## RECORDS TO USE
□ □ □ □ □

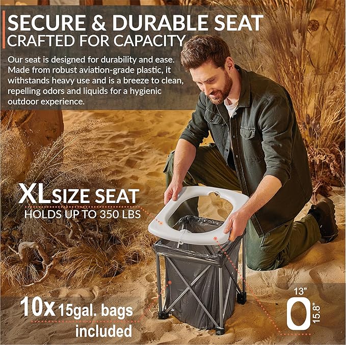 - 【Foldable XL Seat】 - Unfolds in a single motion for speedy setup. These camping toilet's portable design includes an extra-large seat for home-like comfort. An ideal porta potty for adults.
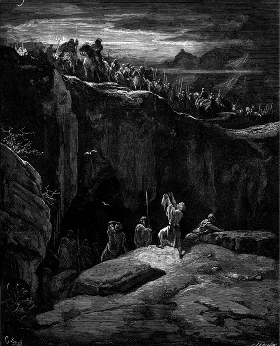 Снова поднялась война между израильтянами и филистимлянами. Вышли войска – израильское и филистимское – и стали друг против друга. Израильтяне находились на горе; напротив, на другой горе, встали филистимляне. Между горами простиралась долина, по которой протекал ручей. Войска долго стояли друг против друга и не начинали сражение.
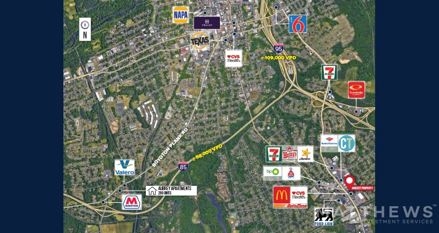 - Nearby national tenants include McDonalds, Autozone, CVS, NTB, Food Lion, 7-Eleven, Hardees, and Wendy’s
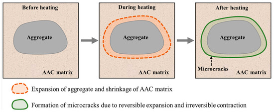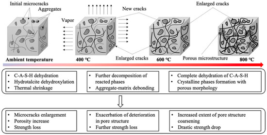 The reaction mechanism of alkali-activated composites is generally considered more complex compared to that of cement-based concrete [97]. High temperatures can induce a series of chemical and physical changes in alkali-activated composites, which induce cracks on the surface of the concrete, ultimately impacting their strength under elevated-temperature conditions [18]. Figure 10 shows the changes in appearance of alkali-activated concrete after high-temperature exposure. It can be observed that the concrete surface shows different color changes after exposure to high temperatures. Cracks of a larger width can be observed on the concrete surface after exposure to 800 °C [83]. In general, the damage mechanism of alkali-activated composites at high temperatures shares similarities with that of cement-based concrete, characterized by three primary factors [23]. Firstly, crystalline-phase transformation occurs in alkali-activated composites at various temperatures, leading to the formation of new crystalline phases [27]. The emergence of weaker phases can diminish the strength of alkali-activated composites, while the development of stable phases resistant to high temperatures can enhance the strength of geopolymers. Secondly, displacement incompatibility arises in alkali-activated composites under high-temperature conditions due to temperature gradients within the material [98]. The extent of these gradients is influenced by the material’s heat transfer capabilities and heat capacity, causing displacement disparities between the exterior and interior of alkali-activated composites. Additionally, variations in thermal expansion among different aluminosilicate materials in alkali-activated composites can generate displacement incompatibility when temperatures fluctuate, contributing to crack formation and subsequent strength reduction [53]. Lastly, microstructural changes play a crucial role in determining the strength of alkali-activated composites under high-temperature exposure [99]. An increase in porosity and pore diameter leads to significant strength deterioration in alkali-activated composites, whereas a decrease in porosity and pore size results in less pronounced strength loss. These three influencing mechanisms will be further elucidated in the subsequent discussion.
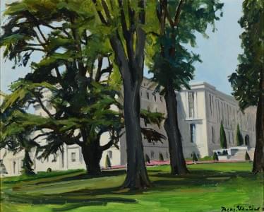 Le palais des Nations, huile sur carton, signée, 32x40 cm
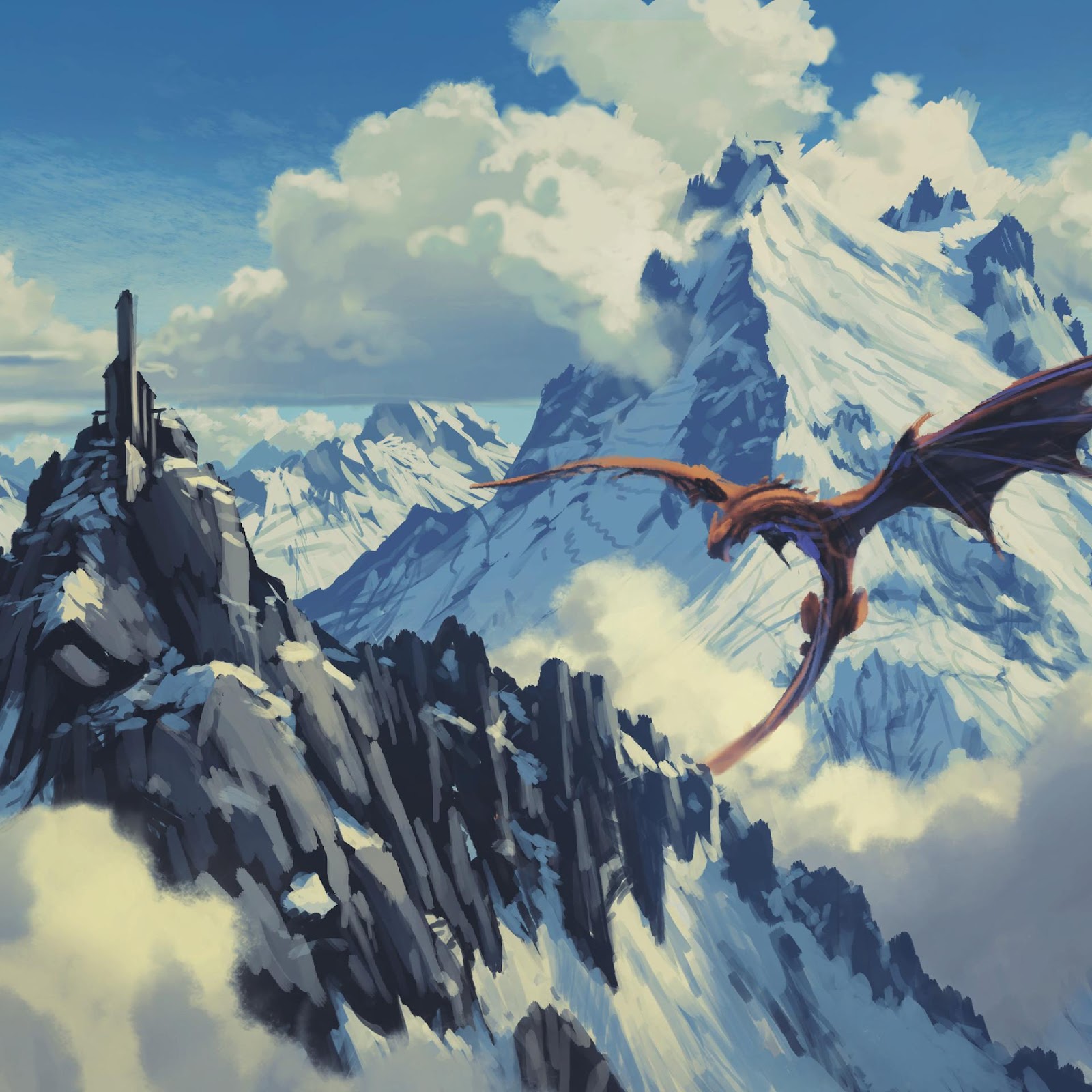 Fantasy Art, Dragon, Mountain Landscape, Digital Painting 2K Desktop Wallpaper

□ □ □ □ □

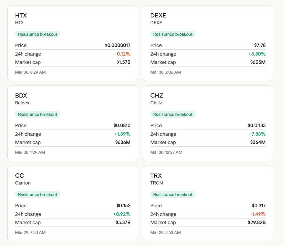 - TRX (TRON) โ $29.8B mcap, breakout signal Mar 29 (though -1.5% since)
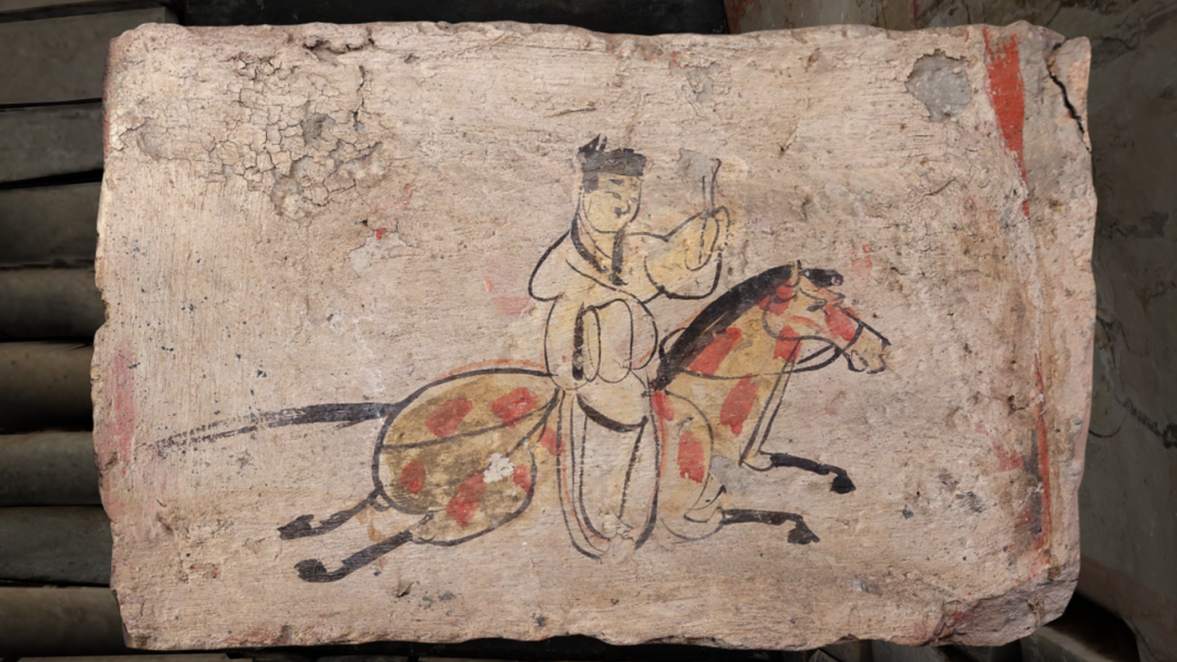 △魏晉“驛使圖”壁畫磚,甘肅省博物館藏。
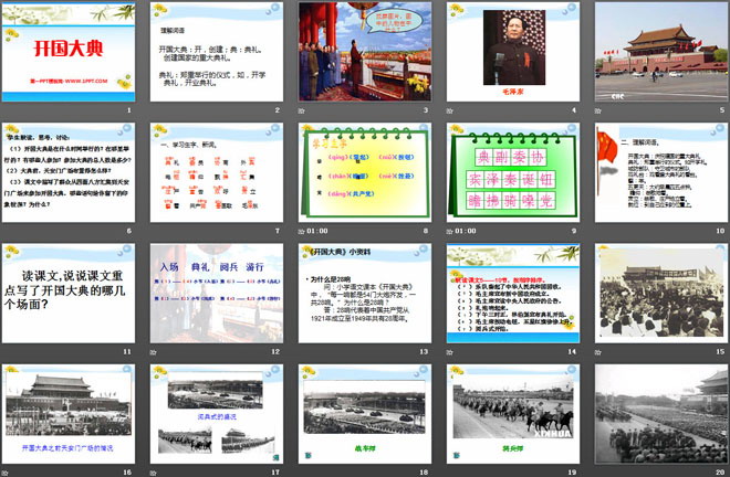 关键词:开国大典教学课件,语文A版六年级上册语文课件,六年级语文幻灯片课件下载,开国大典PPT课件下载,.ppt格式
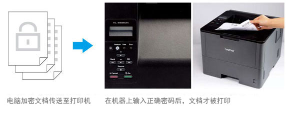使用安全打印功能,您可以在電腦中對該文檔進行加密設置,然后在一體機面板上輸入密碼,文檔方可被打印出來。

□ □ □ □ □

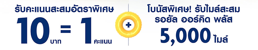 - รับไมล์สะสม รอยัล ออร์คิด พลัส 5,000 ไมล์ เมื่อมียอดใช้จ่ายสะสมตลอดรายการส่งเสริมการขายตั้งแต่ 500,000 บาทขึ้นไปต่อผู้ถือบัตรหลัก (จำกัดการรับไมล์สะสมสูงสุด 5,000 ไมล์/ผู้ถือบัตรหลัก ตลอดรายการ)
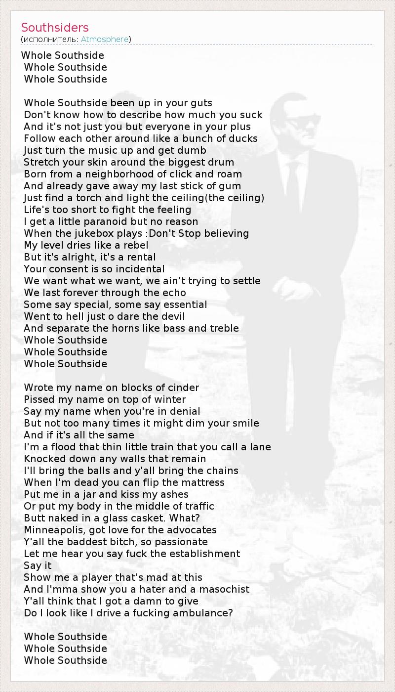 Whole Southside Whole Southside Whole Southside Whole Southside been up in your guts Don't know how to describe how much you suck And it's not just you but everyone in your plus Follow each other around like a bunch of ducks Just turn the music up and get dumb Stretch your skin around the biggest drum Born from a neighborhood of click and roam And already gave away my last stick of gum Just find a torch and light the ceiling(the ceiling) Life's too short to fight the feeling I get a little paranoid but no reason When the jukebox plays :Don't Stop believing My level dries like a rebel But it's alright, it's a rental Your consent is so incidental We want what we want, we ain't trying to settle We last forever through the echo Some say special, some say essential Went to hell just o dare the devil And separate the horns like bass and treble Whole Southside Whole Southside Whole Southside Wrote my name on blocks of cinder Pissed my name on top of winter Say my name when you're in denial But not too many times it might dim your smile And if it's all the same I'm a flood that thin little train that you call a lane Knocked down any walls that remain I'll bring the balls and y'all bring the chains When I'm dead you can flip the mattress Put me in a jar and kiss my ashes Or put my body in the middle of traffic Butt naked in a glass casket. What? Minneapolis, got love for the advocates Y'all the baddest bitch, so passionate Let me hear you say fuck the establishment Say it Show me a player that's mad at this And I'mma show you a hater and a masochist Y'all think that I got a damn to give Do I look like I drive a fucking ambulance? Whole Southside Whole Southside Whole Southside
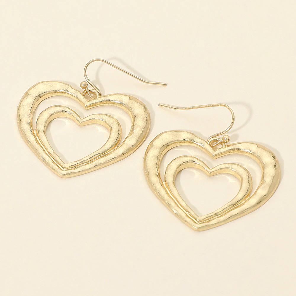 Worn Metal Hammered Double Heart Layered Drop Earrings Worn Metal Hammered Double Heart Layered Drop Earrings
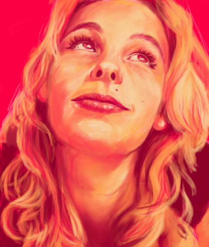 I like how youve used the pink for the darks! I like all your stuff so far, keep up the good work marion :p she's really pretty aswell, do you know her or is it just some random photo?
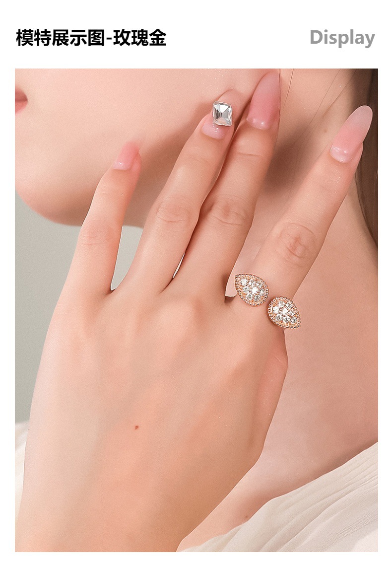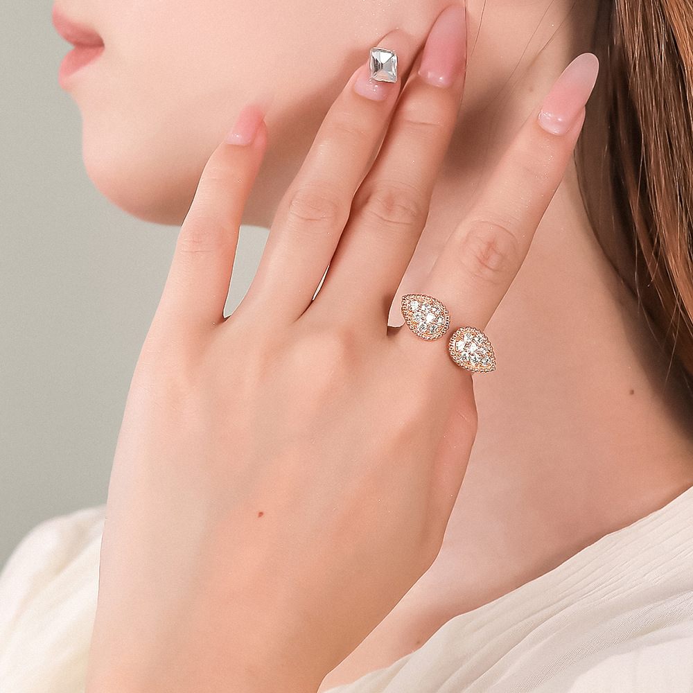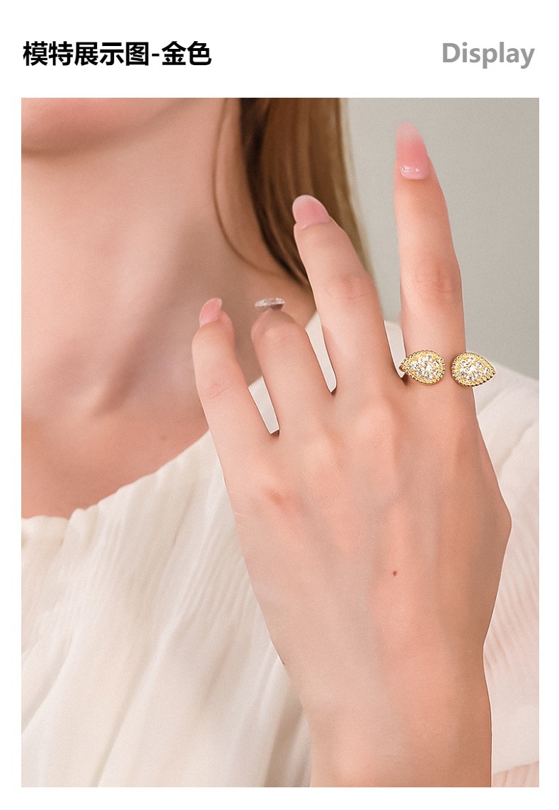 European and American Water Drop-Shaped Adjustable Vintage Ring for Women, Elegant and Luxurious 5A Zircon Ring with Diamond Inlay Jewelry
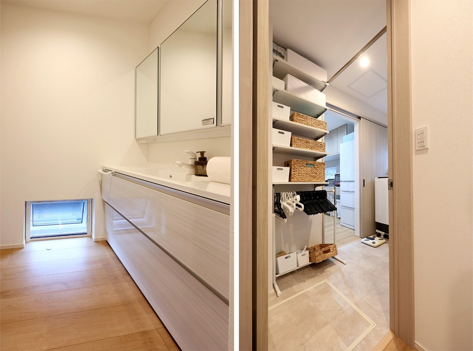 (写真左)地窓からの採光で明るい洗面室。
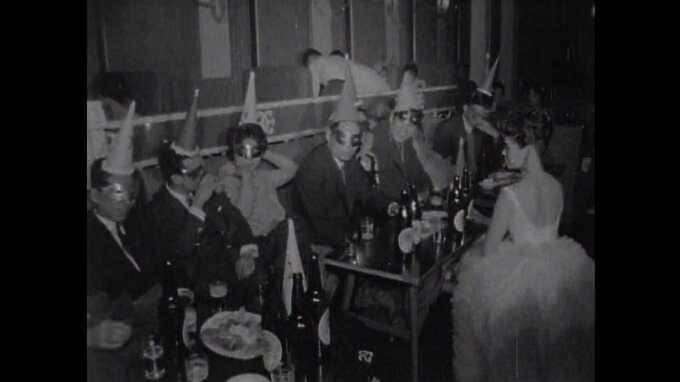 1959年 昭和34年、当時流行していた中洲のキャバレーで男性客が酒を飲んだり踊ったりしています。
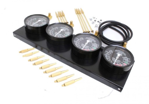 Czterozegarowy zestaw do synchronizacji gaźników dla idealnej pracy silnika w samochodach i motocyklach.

□ □ □ □ □

## WORK TASK
Having found the line with "- 【Foldable XL" and the line with "- Nearby national" in the material above, write out exactly those two and every line between, leaving the pictures out.

## ANSWER TO THIS EXERCISE
 - 【Foldable XL Seat】 - Unfolds in a single motion for speedy setup. These camping toilet's portable design includes an extra-large seat for home-like comfort. An ideal porta potty for adults.
 Снова поднялась война между израильтянами и филистимлянами. Вышли войска – израильское и филистимское – и стали друг против друга. Израильтяне находились на горе; напротив, на другой горе, встали филистимляне. Между горами простиралась долина, по которой протекал ручей. Войска долго стояли друг против друга и не начинали сражение.
 - Nearby national tenants include McDonalds, Autozone, CVS, NTB, Food Lion, 7-Eleven, Hardees, and Wendy’s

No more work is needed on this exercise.